B.C. Liberal leadership candidate Kevin Falcon’s suggestion that teachers be paid based on merit has not received rave reviews. “The idea has a superficial appeal because teaching quality is a key to student achievement,” writes the Globe and Mail editorial board, but it could “wind up costing billions of dollars for little or no result.” To be at all effective, the Globe points out, raises based on performance would have to be fairly substantial and would drastically strain provinces’ already stretched education budget. Given that teacher performance is incredibly difficult to measure, the Globe suggests any budget increase be put into lower-cost tools like training.

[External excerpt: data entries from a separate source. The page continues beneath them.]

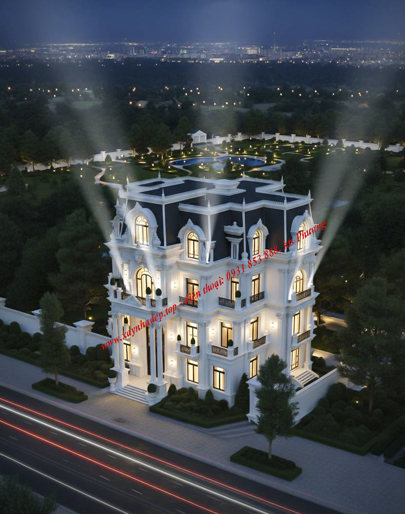 Khi ánh đèn lên, biệt thự trở thành một “tòa lâu đài ánh sáng”: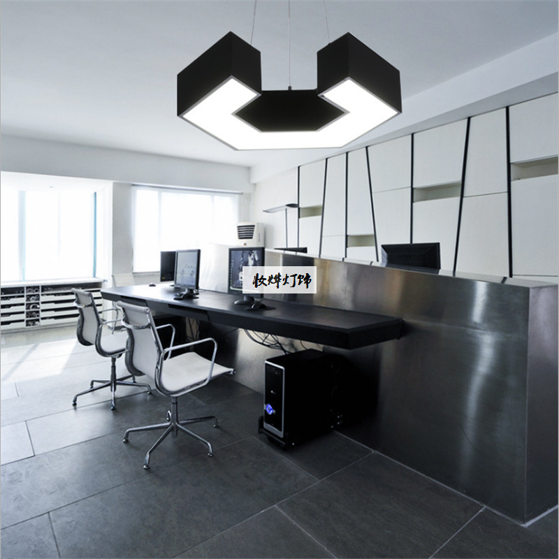 现代简约吊灯办公室灯餐厅异形铁艺创意个性六边形环工业网咖灯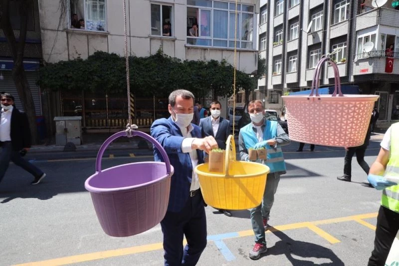 Zeytinburnu Belediyesi, korona virüs tedbirleri kapsamında Ramazan Bayramı süresince uygulanan sokağa çıkma kısıtlamasında evlerindeki vatandaşlara fesleğen dağıttı. Zeytinburnu Belediye Başkanı Ömer Arısoy, sokak sokak gezerek evlerinin pencere ve balkonlarına çıkan vatandaşların bayramını kutladı. Evlerde kalarak korona virüs sürecini atlatacağımızı söyleyen Başkan Arısoy, sepetlerini uzatan vatandaşlara fesleğen hediye etti. Etkinlik boyunca Zeytinburnu genelinde 14 bin fesleğen dağıtıldığı öğrenildi.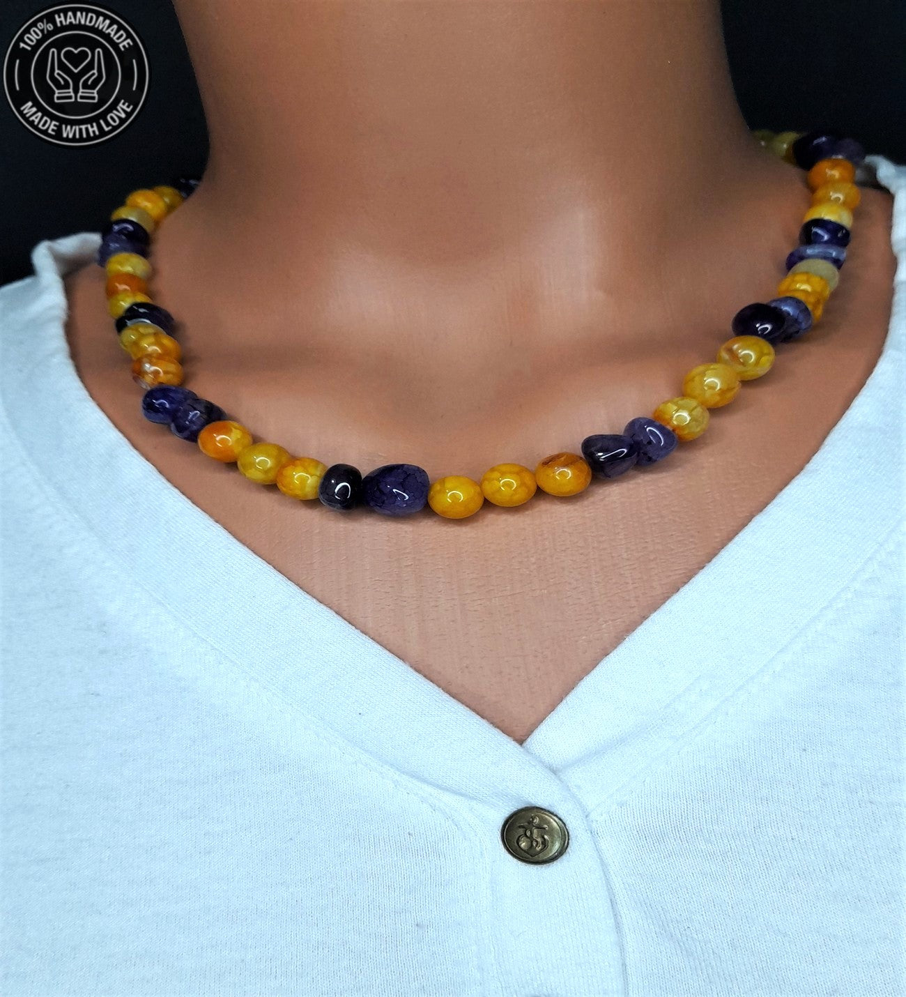 Sarı akik enerji ve neşe vererek motivasyonu artırırken, mor akik içsel gücü ve kararlılığı destekler. Her iki akik türünün de nazara karşı etkili olduğuna inanılır. Sette yaklaşık 48-50 cm uzunluğunda kolye ve standart boyutta (yaklaşık 18-19 cm) bileklik bulunmaktadır. Kolye ve bileklikte farklı ebatlar için iletişime geçin.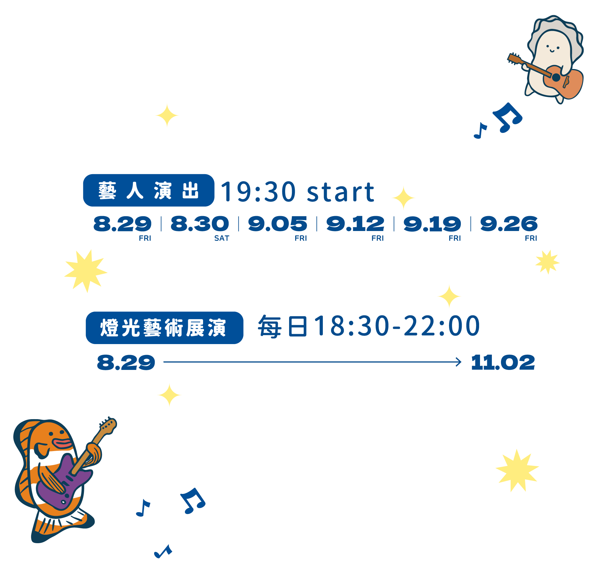 除了音樂表演,今年的燈光藝術展演「光島盛典」也全面升級,展期自8月29日至11月2日,導入光影互動科技與藝術燈飾,讓夜晚的觀音亭搖身一變為夢幻光感島嶼,邀你沉浸在最浪漫的海島夜色中。
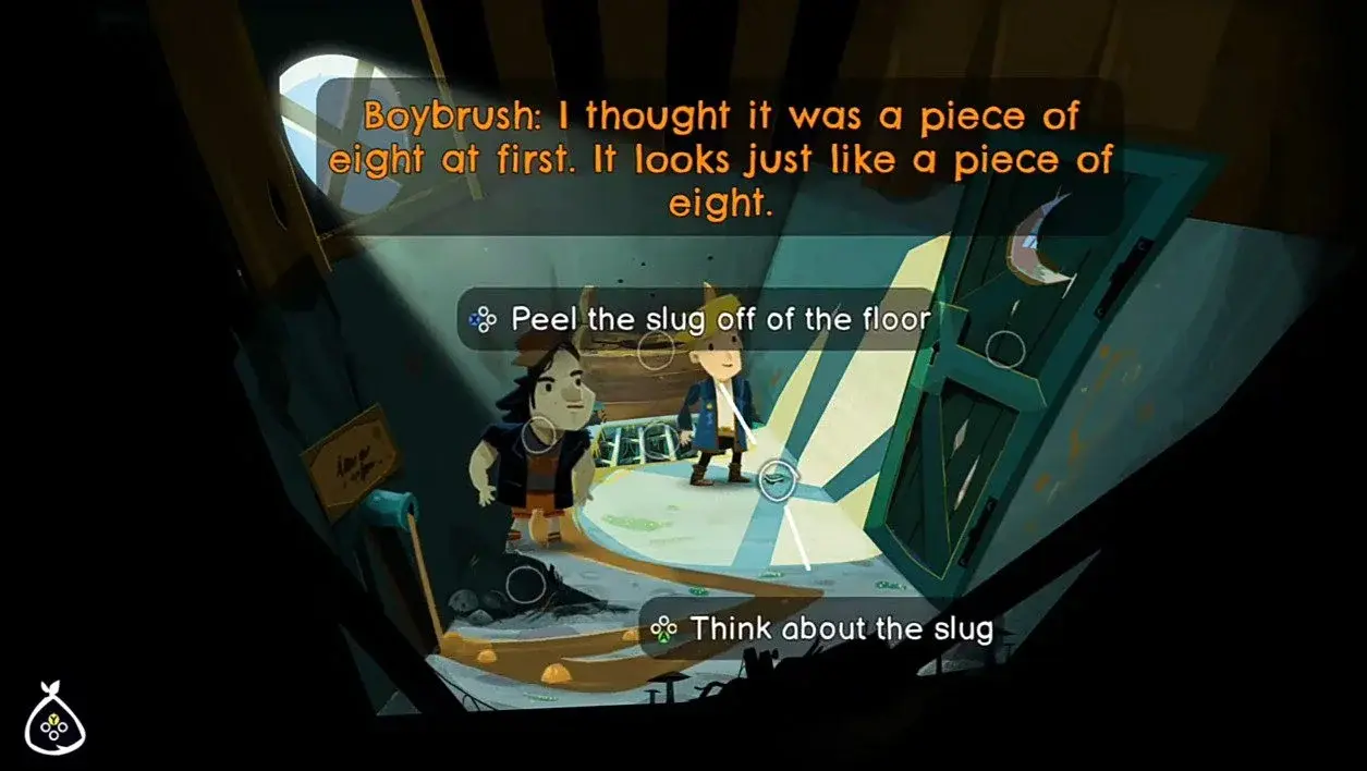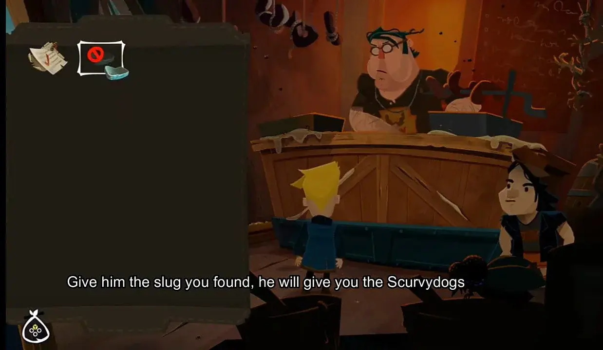 상점으로 돌아가서 슬러그를 Scurvydogs와 교환하십시오. 의자에 앉은 남자에게 가서 괴혈병 개를 데려가십시오. 플레이어가 아이템을 조사하면 새로운 슬러그가 드러납니다. 위조 동전은 크기가 8개 조각입니다.

Because merit pay has enjoyed a degree of success in other countries, the Globe’s Gary Mason thinks the idea is promising if an accurate method of determining the performance of Canadian teachers could be devised. Given the vastly different conditions under which Canada’s educators teach, he says standardized tests are useless in evaluating performance. Instead he suggests any effective measure would “take into account factors such as the socio-economic makeup of the class itself, which can affect standardized testing scores,” and that tracking a student's progress over the course of the year would also give an good picture of teachers’ performance.
“The first problem with Kevin Falcon's proposal … is its fuzziness,” says an editorial in the Victoria Times Colonist. “The idea is more musing than a serious policy proposal.” The paper’s editors suggest some sensible concrete models, like starting pilot projects in disadvantaged neighbourhoods to determine the best way to increase education outcomes. If we want to serve students better, “handing the funding and responsibility to selected school boards and waiting to assess results might be the most effective method,” suggests the paper, rather than a top-down overhaul of teachers’ pay structure.
It’s not clear if the National Post’s Kelly McParland is trying to be clever or trying to be cute with this article that suggests that as long as we’re dealing with teachers, we should find a way to pay politicians based on merit. That would teach those bastards in Ottawa!